Basically I'd be happy to walk on a beach without fearing for my life.

Shopping, now that's another matter; you are taking your life in your hands there.


----------



## elacsaplau (22 May 2020)

That's ridiculous, Purple!

Basically, you are saying that what you put into the shopping trolley (your eating habits) is more likely to impact on your longevity than whether you put your hands on the trolley or not....


----------



## Purple (22 May 2020)

elacsaplau said:


> That's ridiculous, Purple!
> 
> Basically, you are saying that what you put into the shopping trolley (your eating habits) is more likely to impact on your longevity than whether you put your hands on the trolley or not....


Ohhh, I'll use that. Thanks!


----------



## Leo (22 May 2020)

elacsaplau said:


> Basically, you are saying that what you put into the shopping trolley (your eating habits) is more likely to impact on your longevity than whether you put your hands on the trolley or not....

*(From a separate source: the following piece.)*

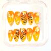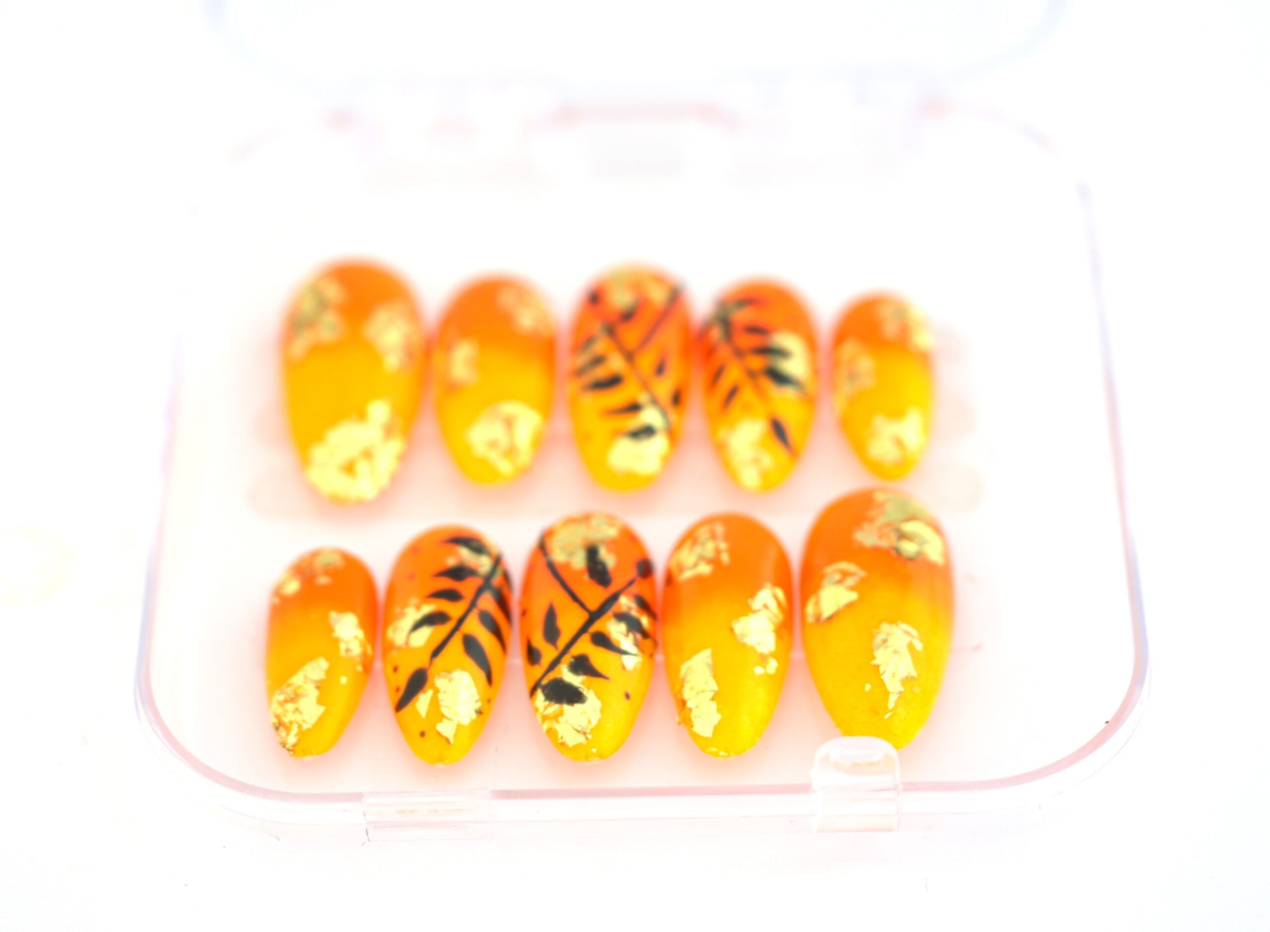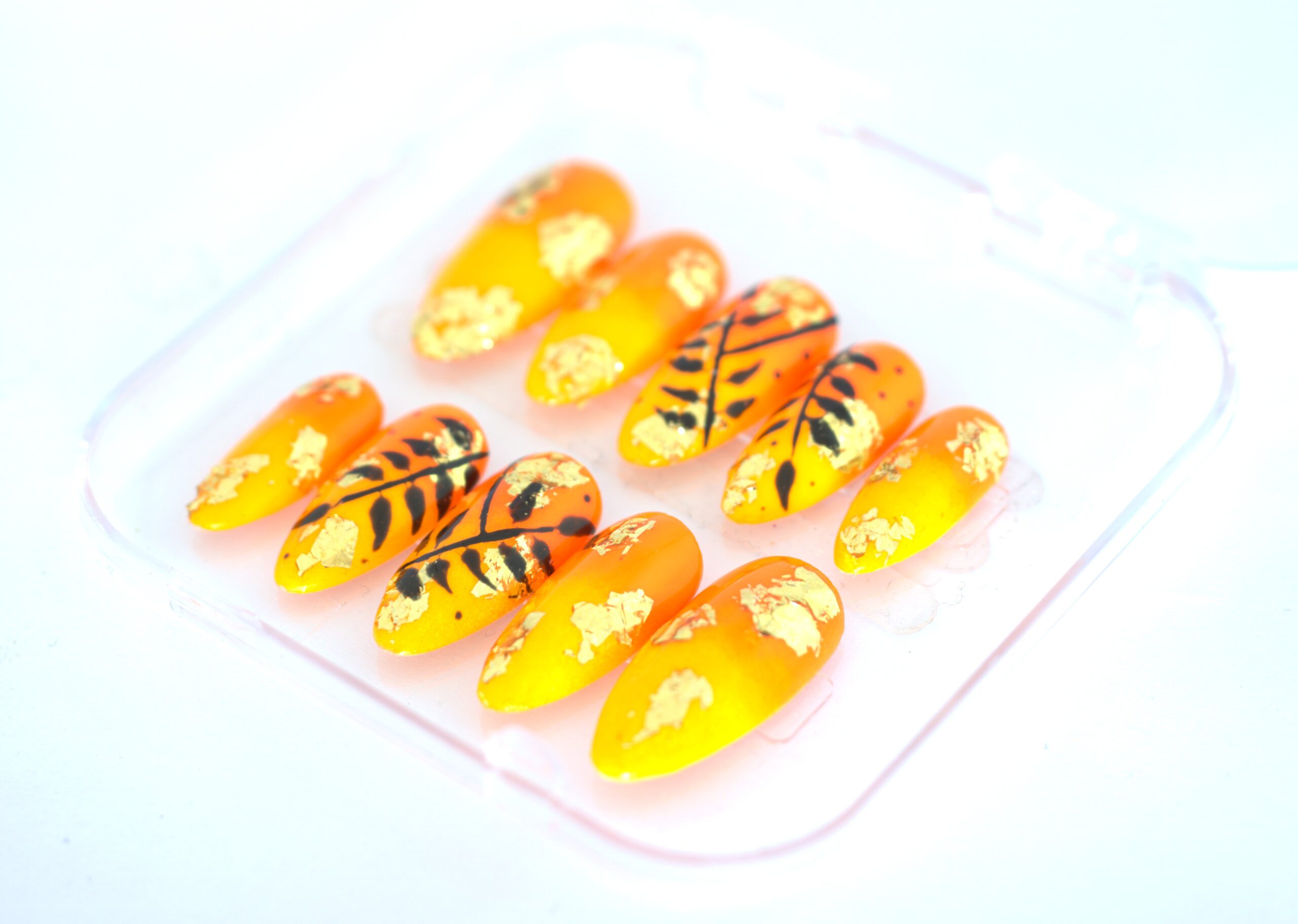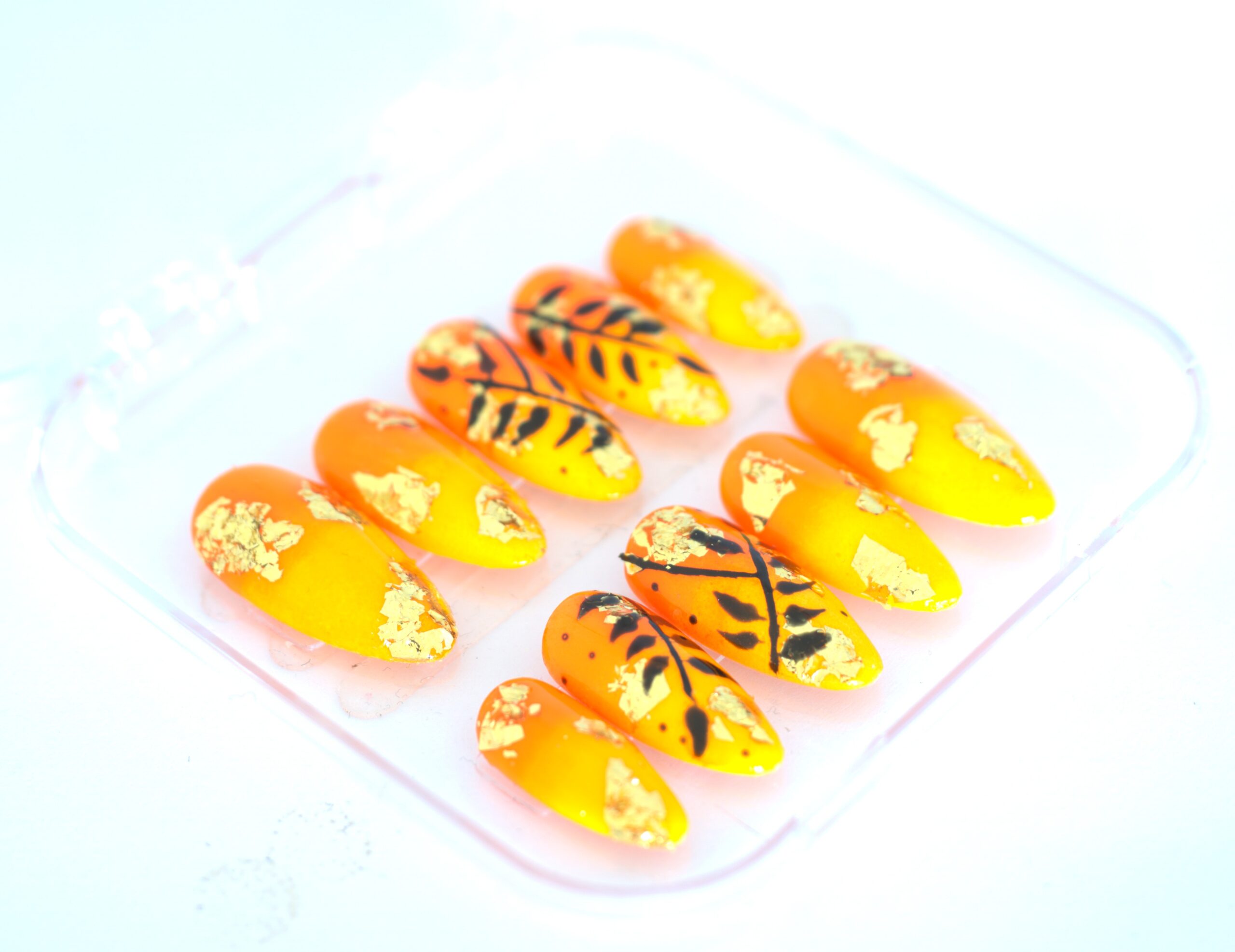 Varázsold különlegessé a megjelenésed ezzel az egyedi, kézzel készült Press On szettel. A szett alapját egy lágy, mégis intenzív narancssárga ombre átmenet adja, amelyet aprólékos, fekete színű növényi motívumok tesznek művészivé. Az arany füstfólia darabkák extra csillogást és luxust érzetet kölcsönöznek a körmöknek. Minden egyes darabja kézzel díszített igy nincs két tökéletesen egyforma minta. 🔥🔥

That's actually an interesting point. To date this year we've had just over 1,300 premature COVID-19 related deaths, but in the same time, we've had around 4,000 diet related deaths due to cardiovascular disease alone.


----------



## elacsaplau (22 May 2020)

Leo said:


> That's actually an interesting point.



Jeepers, Leo - you sound surprised?!


----------



## Leo (22 May 2020)

elacsaplau said:


> Jeepers, Leo - you sound surprised?!



Sorry!! That does read badly, doesn't it   Unintentional of course, you have lots of interesting points.


----------



## Brendan Burgess (22 May 2020)

Odea said:


> Based on the number of new cases per day in Ireland, say 70. What are the mathematical chances of me picking up Covid-19 if walking on a beach that had 3000 people on it?



Hi Odea

While the risk of getting it on a beach is very small, your mathematical approach is wrong. 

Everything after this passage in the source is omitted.